October 2, 2006, 9:49 AM UTC


All of the intrigue surrounding Hewlett-Packard is titillating

stuff, sure, but investors mostly worry about three things: the effect

on HP’s focus, sales and stock price.

It’s a particularly important question now that it’s October, the

official start to the big fourth-quarter consumer buying season, with HP placing bets on a new line of laptops and desktops with built-in next-generation HD-DVD technology.

We might not know the spying scandal’s impact on HP’s focus for several more

quarters; it often takes that long to see whether executives took

their eyes off the ball at a crucial moment, allowing a competitor to

gain tactical advantage. But we do know that focus is an often

underestimated asset; it’s what allowed Apple Computer to innovate

through the tech downturn and emerge triumphant with the iPod, and

what allowed HP itself to invent and survive a diet and exercise

regimen that has given it a new air of vitality.

But what we will see a lot sooner – indeed, we’ll pick up hints of

it when retail sales reports start trickling in next month – is any impact on sales. If the scandal has sullied HP’s reputation with consumers, that could hurt badly; the company still pulls in a huge proportion of its profits from sales of printer ink, for example, and the holiday season is prime time for that and every other consumer category.

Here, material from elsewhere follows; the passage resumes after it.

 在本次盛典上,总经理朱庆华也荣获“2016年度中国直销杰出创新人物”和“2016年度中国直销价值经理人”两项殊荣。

But what if the scandal doesn’t hurt HP at all? What if it actually helps?

I know, it’s crazy talk. But unlike the hot-battery fiascos that Dell and Apple recently weathered, this HP business might not give consumers that not-so-safe feeling. Consumers might actually hesitate to buy a laptop from Dell or Apple, remembering the battery recalls of a few months ago. But will they hesitate to buy HP gear because the company snooped on board members, employees and journalists (and their families) in the process of hunting a leaker? Heck, I’m gonna say probably not.

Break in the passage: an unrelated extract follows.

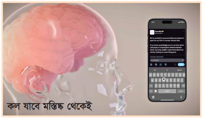 ইলন মাস্কের নতুন প্রযুক্তি : নিউরালিঙ্ক কোম্পানির সিইও তিনি, এই কোম্পানি ব্রেন চিপ প্রযুক্তির উপর কাজ শুরু করেছে। এতদিন সায়েন্স ফিকশন ছবিগুলোতে যা দেখা গিয়েছে, তা এবার বাস্তবে করতে চলেছেন তিনি। যদিও ইতিমধ্যে সফল একটি ট্রান্সপ্ল্যান্ট করেছে নিউরালিঙ্ক। এক্স প্ল্যাটফর্মে নিজের একটি এআই জেনারেটেড ছবি পোস্ট করছেন তিনি। ছবি থেকে বোঝা যাচ্ছে, ফোনের মতো মস্তিষ্ক থেকে নিয়ন্ত্রণ হবে সবকিছু। এই পোস্টে তিনি নিউরালিঙ্ক ইন্টারফেস এবং এক্স ফোনের কথা বলেছেন। অর্থাৎ আগামীদিনে এই সংক্রান্ত কিছু করার পরিকল্পনা, তার থাকলেও থাকতে পারে। এমনিতে খামখেয়ালি মন্তব্যের জন্য সোশ্যাল মিডিয়ায় চর্চায় থাকেন ইলন মাস্ক। তিনি বলেন, ইউজার এবার থেকে ভাবনা দিয়েই স্মার্টফোন নিয়ন্ত্রণ করতে পারবেন। আরও একটি পোস্টে তিনি জানিয়েছে, ভবিষ্যতে ফোনের দরকার পড়বে না। আপনি শুধু নিউরালিঙ্ক দেখতে পাবেন।

Those of us who are semi-geeky followers of tech news might be taken aback by the notion, but really, the American public lately has shown an amazing willingness to give investigating powers the benefit of the doubt. It’s unclear whether the public will extend HP the same goodwill it gives the Bush administration. But I wouldn’t be surprised.


How could the scandal help HP? It’s possible that the public will see the company as an aggressive and innovative company that has secrets others want to view. They might view the company as one that got just a little too carried away with its efforts to keep a lid on things. And folks might view the steady statesman Mark Hurd, who’s able to pacify irate lawmakers, as just the guy they’d trust to treat them right.

Who hasn’t had a tech problem and had to call a company to make things right? The image of HP CEO Hurd showing up on Capitol Hill to personally take responsibility and set things in order might be just the reassurance that holiday shoppers are looking for. And if that happens, that could even mean good things for HP stock.

That’s not a prediction, by any means. But it’s a possibility worth considering.